Stored items
+ + +

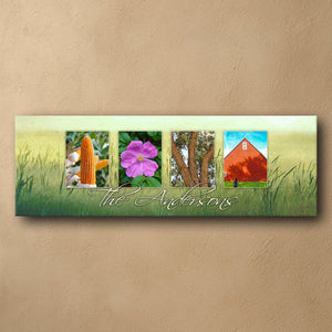 This creative and calming Iowa wall art print features themed photography from the Hawkeye State to spell the word Iowa. Add your family’s name or word of choice below the images to the personalized art piece. Simply enter your desired personalization in the input box below and let our artists do the rest. The field of green grass in the background gives the state art print a colorful touch when combined with the bright colors of a red barn, a purple flower, and yellow corn.
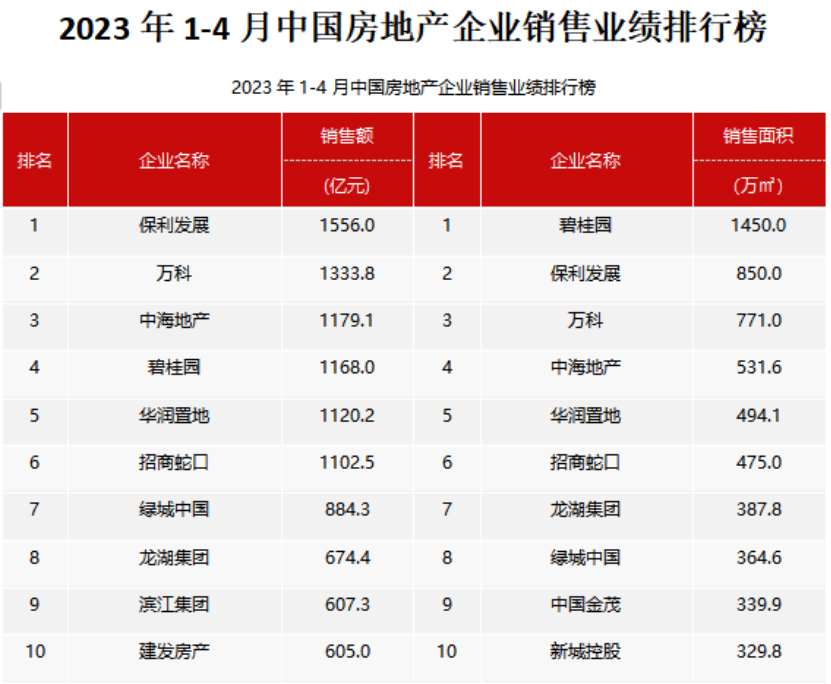 頭部房企銷售增速較快,保利發(fā)展位居銷售額首位
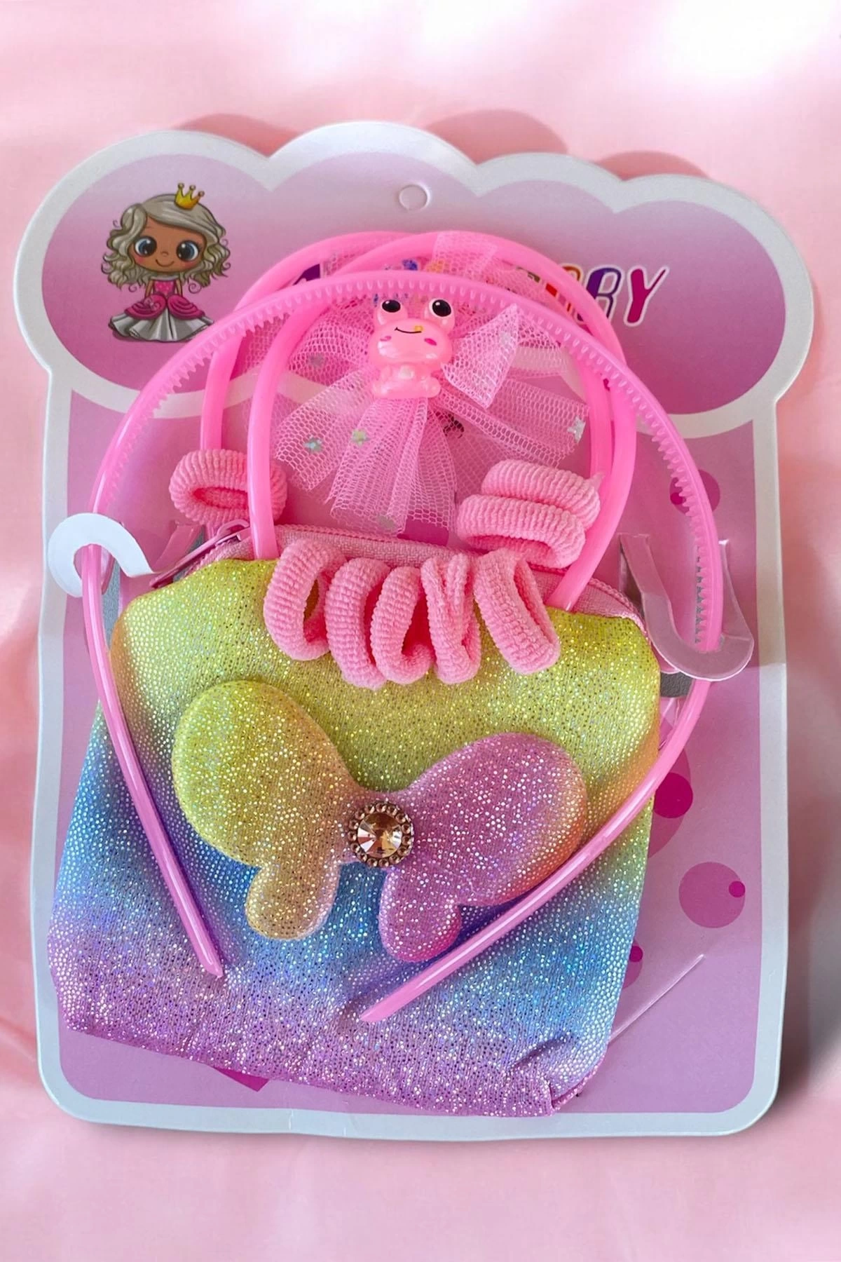 Açık Pembe Renk Çocuk Tarak,Bileklik,Yüzük Ve Toka Set
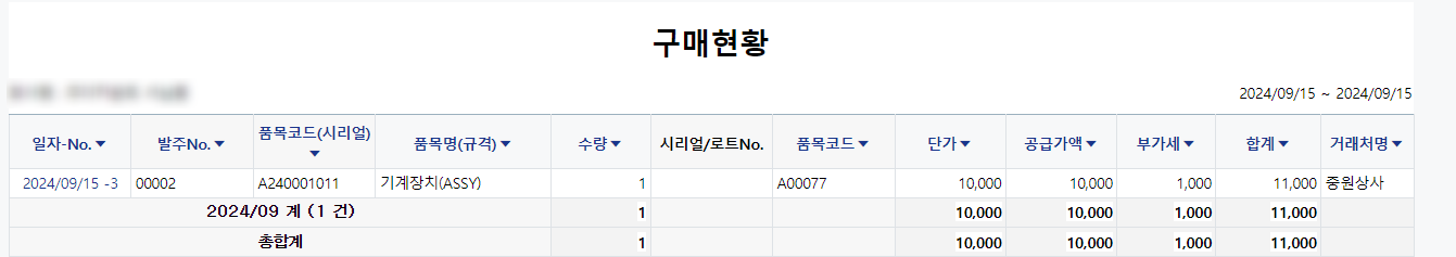 하단 구매현황에서 품목코드(시리얼)은 새로 등록한 시리얼을 입력한 구매입력에서의 품목코드 자리입니다.
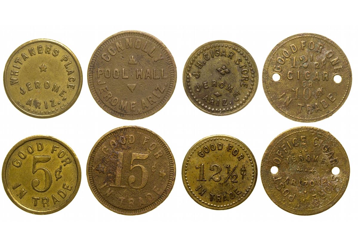 1) Obv.: Post Office Cigar Store Jerome / Arizona; rev.: Good For One / 12 1/2 c / cigar / or / 10c / In Trade; rd. two holes; 2) Obv.: J. H. Cigar Store / Jerome / Ariz.; rev.: good for / 12 1/2c / In Trade; 3) Obv.: Whitakers Place / Jerome, / Ariz.; rev.: Good For / 5c / In Trade; 4) Obv.: Connolly / Pool Hall / Jerome, Ariz.; rev.: Good For / 15c / In Trade.
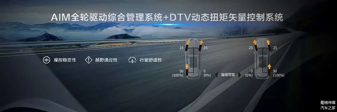 而2.0T燃油版车型则搭载的是DTV四驱系统,并带有AIM四驱综合管理系统。简单来说,这套四驱系统可以实现前后100:0-50:50的扭矩分配比,还能独立控制左右后轮实现100:0-0:100的扭矩分配。即便只有一个后轮拥有附着力,车辆依然能够依靠强大的四驱系统进行脱困,这样的表现在城市SUV中还是比较突出。
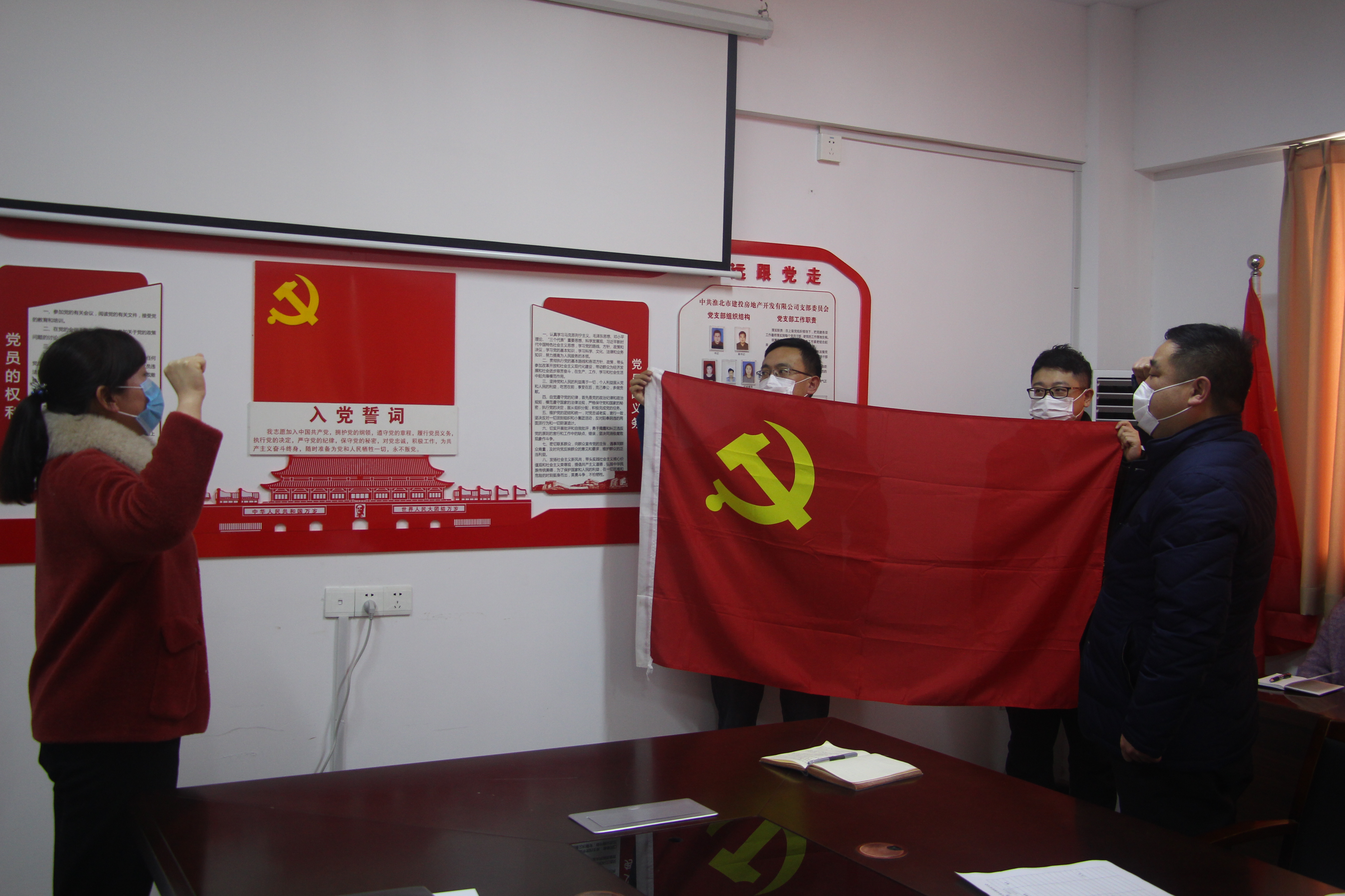 3月2號下午,在淮北市建投房地產(chǎn)公司會議室召開了一次特殊的黨員大會。這次會議的主題就是是否吸納趙倩倩為預備黨員。在趙倩倩作了申請發(fā)言后,房地產(chǎn)黨支部參加會議的黨員全票通過了趙倩倩同志轉(zhuǎn)為預備黨員,隨后支部副書記童曉強帶領(lǐng)她面對鮮紅黨旗莊嚴宣誓。
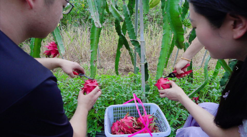 果園里,游客們?nèi)宄扇?,興致盎然地采摘火龍果,他們一手托著火龍果,一手握著剪刀,小心翼翼地采摘下一顆顆色澤鮮艷、果形飽滿的火龍果。不一會兒,便收獲了滿滿一籃。
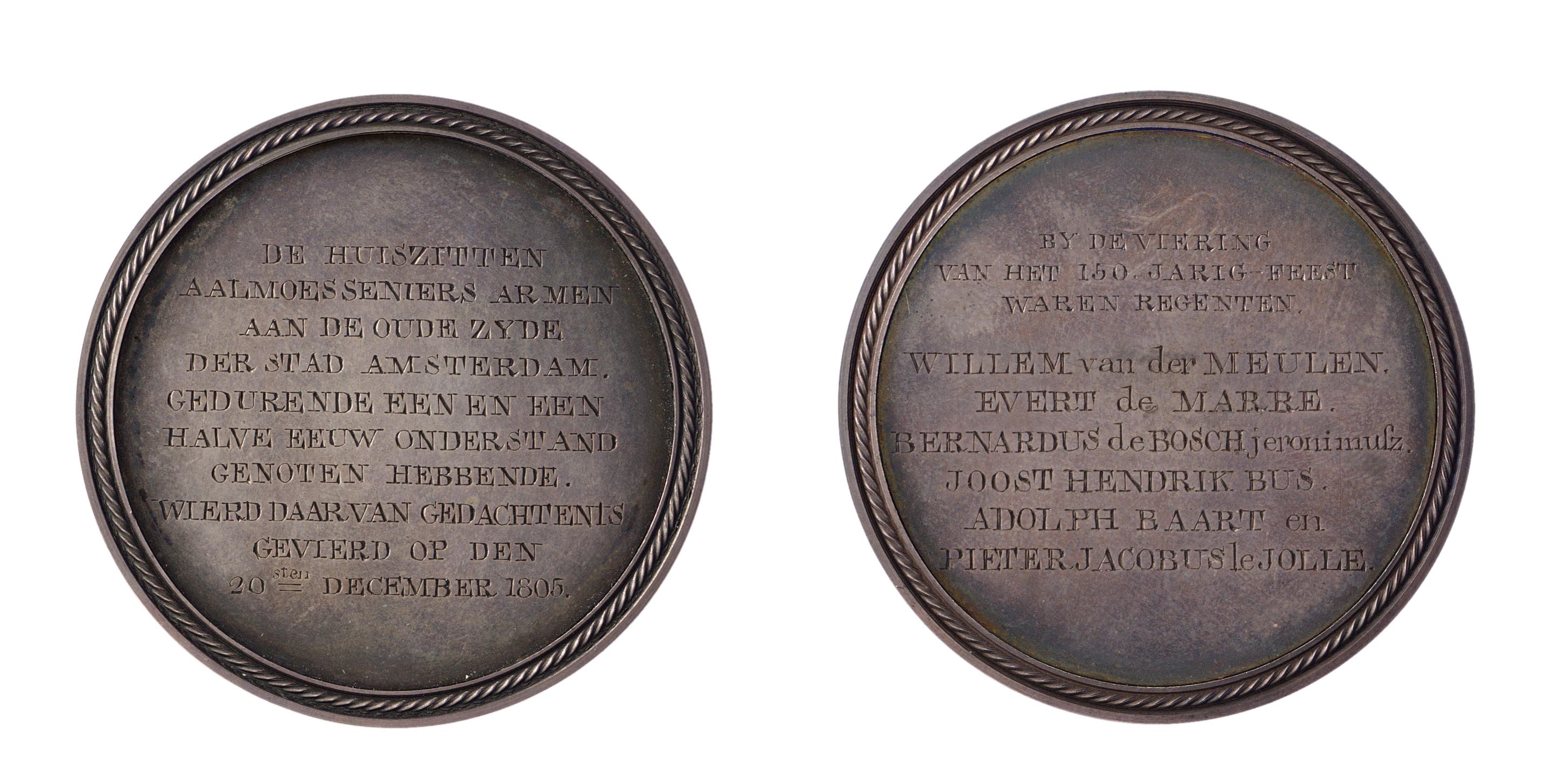 opschrift voorzijde: DE HUISZITTEN / AALMOESSENIERS ARMEN / AAN DE OUDE ZYDE / DER STAD AMSTERDAM. / GEDURENDE EEN EN EEN / HALVE EEUW ONDERSTAND / GENOTEN HEBBENDE. / WIERD DAARVAN GEDACHTENIS / GEVIERD OP DEN / 20STEN DECEMBER 1805.
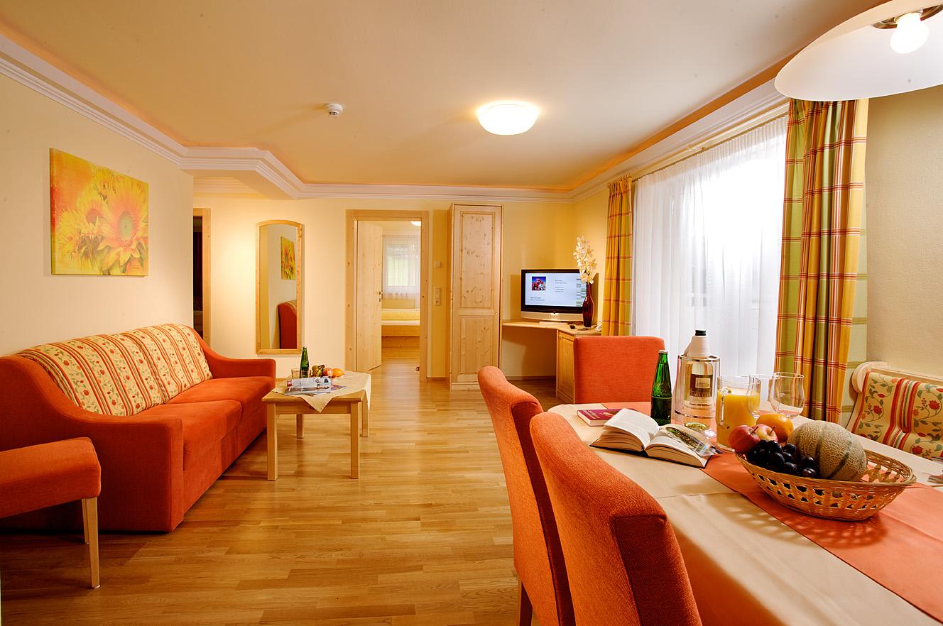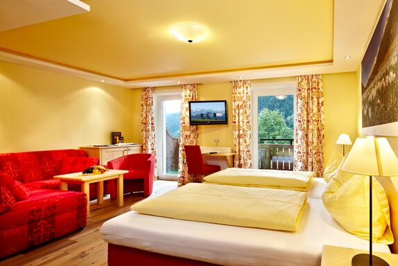 Die Familienzimmer sind mit heimischem Fichtenholz und edlen Stoffen in warmen, harmonischen Farben eingerichtet. Sie verfügen über Balkon, Internetanschluss, Flat-TV, Kühlschrank und Zimmer-Safe. Im Bad sind Föhn und Kosmetikspiegel vorhanden.

+ + +

Required action: Without including any picture, repeat the data exactly.

Result of this exercise:
 This creative and calming Iowa wall art print features themed photography from the Hawkeye State to spell the word Iowa. Add your family’s name or word of choice below the images to the personalized art piece. Simply enter your desired personalization in the input box below and let our artists do the rest. The field of green grass in the background gives the state art print a colorful touch when combined with the bright colors of a red barn, a purple flower, and yellow corn.
 頭部房企銷售增速較快,保利發(fā)展位居銷售額首位
 Açık Pembe Renk Çocuk Tarak,Bileklik,Yüzük Ve Toka Set
 하단 구매현황에서 품목코드(시리얼)은 새로 등록한 시리얼을 입력한 구매입력에서의 품목코드 자리입니다.
 1) Obv.: Post Office Cigar Store Jerome / Arizona; rev.: Good For One / 12 1/2 c / cigar / or / 10c / In Trade; rd. two holes; 2) Obv.: J. H. Cigar Store / Jerome / Ariz.; rev.: good for / 12 1/2c / In Trade; 3) Obv.: Whitakers Place / Jerome, / Ariz.; rev.: Good For / 5c / In Trade; 4) Obv.: Connolly / Pool Hall / Jerome, Ariz.; rev.: Good For / 15c / In Trade.
 而2.0T燃油版车型则搭载的是DTV四驱系统,并带有AIM四驱综合管理系统。简单来说,这套四驱系统可以实现前后100:0-50:50的扭矩分配比,还能独立控制左右后轮实现100:0-0:100的扭矩分配。即便只有一个后轮拥有附着力,车辆依然能够依靠强大的四驱系统进行脱困,这样的表现在城市SUV中还是比较突出。
 3月2號下午,在淮北市建投房地產(chǎn)公司會議室召開了一次特殊的黨員大會。這次會議的主題就是是否吸納趙倩倩為預備黨員。在趙倩倩作了申請發(fā)言后,房地產(chǎn)黨支部參加會議的黨員全票通過了趙倩倩同志轉(zhuǎn)為預備黨員,隨后支部副書記童曉強帶領(lǐng)她面對鮮紅黨旗莊嚴宣誓。
 果園里,游客們?nèi)宄扇?,興致盎然地采摘火龍果,他們一手托著火龍果,一手握著剪刀,小心翼翼地采摘下一顆顆色澤鮮艷、果形飽滿的火龍果。不一會兒,便收獲了滿滿一籃。
 opschrift voorzijde: DE HUISZITTEN / AALMOESSENIERS ARMEN / AAN DE OUDE ZYDE / DER STAD AMSTERDAM. / GEDURENDE EEN EN EEN / HALVE EEUW ONDERSTAND / GENOTEN HEBBENDE. / WIERD DAARVAN GEDACHTENIS / GEVIERD OP DEN / 20STEN DECEMBER 1805.
 Die Familienzimmer sind mit heimischem Fichtenholz und edlen Stoffen in warmen, harmonischen Farben eingerichtet. Sie verfügen über Balkon, Internetanschluss, Flat-TV, Kühlschrank und Zimmer-Safe. Im Bad sind Föhn und Kosmetikspiegel vorhanden.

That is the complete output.